YOUR INSTRUCTIONS →
When you copy the entries, match them exactly and omit the pictures.

(Saved data entries)
━━━━━━━━━━
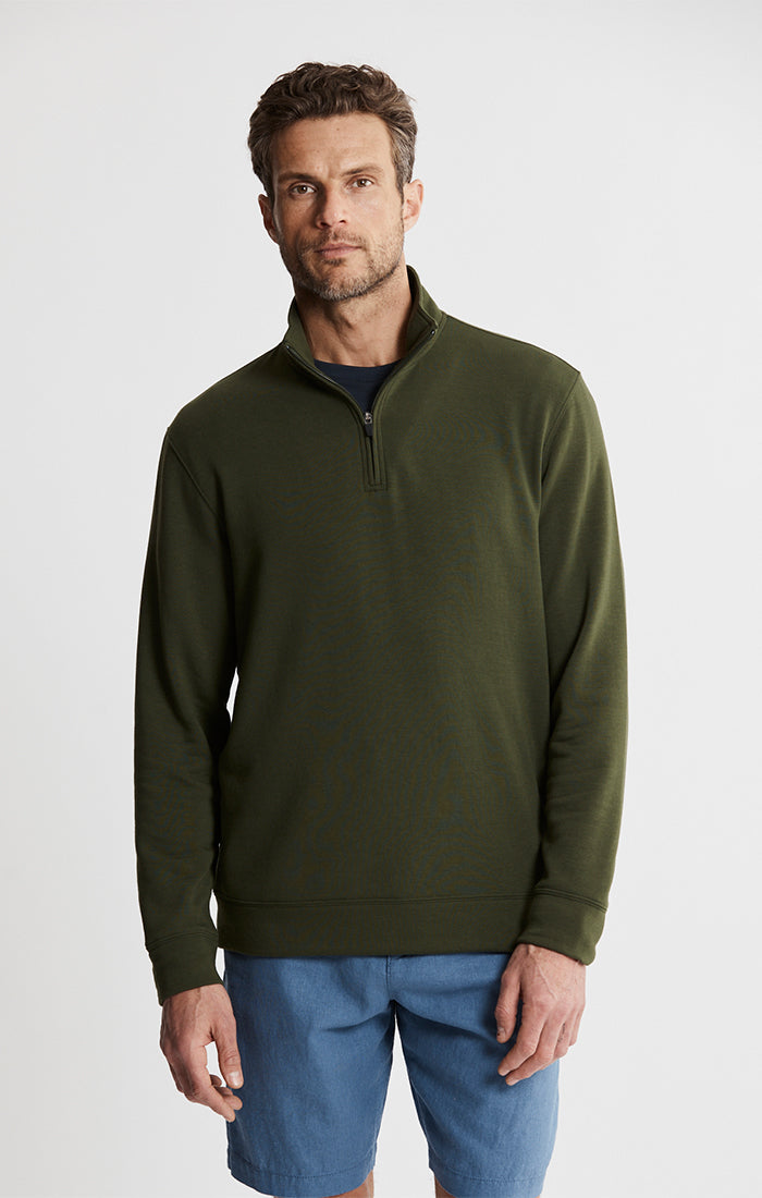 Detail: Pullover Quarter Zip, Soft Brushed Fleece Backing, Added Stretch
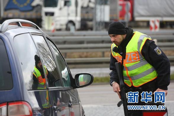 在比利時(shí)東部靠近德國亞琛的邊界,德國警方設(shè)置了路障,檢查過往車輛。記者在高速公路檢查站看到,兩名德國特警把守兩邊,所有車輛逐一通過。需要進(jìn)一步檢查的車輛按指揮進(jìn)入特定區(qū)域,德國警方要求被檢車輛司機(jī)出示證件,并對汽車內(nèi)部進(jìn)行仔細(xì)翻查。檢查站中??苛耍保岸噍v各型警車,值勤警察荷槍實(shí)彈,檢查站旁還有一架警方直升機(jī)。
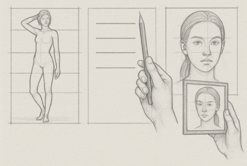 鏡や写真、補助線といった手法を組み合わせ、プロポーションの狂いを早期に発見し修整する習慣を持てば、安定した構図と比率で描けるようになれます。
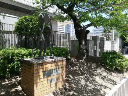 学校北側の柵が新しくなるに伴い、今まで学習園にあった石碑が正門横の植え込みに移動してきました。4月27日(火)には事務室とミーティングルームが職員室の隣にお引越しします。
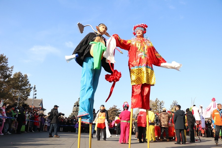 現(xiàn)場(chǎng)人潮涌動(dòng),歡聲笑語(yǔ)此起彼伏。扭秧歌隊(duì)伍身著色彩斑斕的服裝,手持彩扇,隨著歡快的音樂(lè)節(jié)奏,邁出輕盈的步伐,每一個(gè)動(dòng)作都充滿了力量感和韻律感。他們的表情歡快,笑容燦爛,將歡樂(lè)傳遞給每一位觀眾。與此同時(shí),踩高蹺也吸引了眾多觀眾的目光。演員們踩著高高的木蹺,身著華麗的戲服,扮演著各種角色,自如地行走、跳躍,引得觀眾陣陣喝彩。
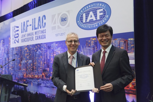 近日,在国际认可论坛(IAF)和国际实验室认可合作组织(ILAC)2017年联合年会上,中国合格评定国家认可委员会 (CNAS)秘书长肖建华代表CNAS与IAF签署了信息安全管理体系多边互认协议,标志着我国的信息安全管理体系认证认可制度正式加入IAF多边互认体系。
━━━━━━━━━━
RESULT →
 Detail: Pullover Quarter Zip, Soft Brushed Fleece Backing, Added Stretch
 在比利時(shí)東部靠近德國亞琛的邊界,德國警方設(shè)置了路障,檢查過往車輛。記者在高速公路檢查站看到,兩名德國特警把守兩邊,所有車輛逐一通過。需要進(jìn)一步檢查的車輛按指揮進(jìn)入特定區(qū)域,德國警方要求被檢車輛司機(jī)出示證件,并對汽車內(nèi)部進(jìn)行仔細(xì)翻查。檢查站中??苛耍保岸噍v各型警車,值勤警察荷槍實(shí)彈,檢查站旁還有一架警方直升機(jī)。
 鏡や写真、補助線といった手法を組み合わせ、プロポーションの狂いを早期に発見し修整する習慣を持てば、安定した構図と比率で描けるようになれます。
 学校北側の柵が新しくなるに伴い、今まで学習園にあった石碑が正門横の植え込みに移動してきました。4月27日(火)には事務室とミーティングルームが職員室の隣にお引越しします。
 現(xiàn)場(chǎng)人潮涌動(dòng),歡聲笑語(yǔ)此起彼伏。扭秧歌隊(duì)伍身著色彩斑斕的服裝,手持彩扇,隨著歡快的音樂(lè)節(jié)奏,邁出輕盈的步伐,每一個(gè)動(dòng)作都充滿了力量感和韻律感。他們的表情歡快,笑容燦爛,將歡樂(lè)傳遞給每一位觀眾。與此同時(shí),踩高蹺也吸引了眾多觀眾的目光。演員們踩著高高的木蹺,身著華麗的戲服,扮演著各種角色,自如地行走、跳躍,引得觀眾陣陣喝彩。
 近日,在国际认可论坛(IAF)和国际实验室认可合作组织(ILAC)2017年联合年会上,中国合格评定国家认可委员会 (CNAS)秘书长肖建华代表CNAS与IAF签署了信息安全管理体系多边互认协议,标志着我国的信息安全管理体系认证认可制度正式加入IAF多边互认体系。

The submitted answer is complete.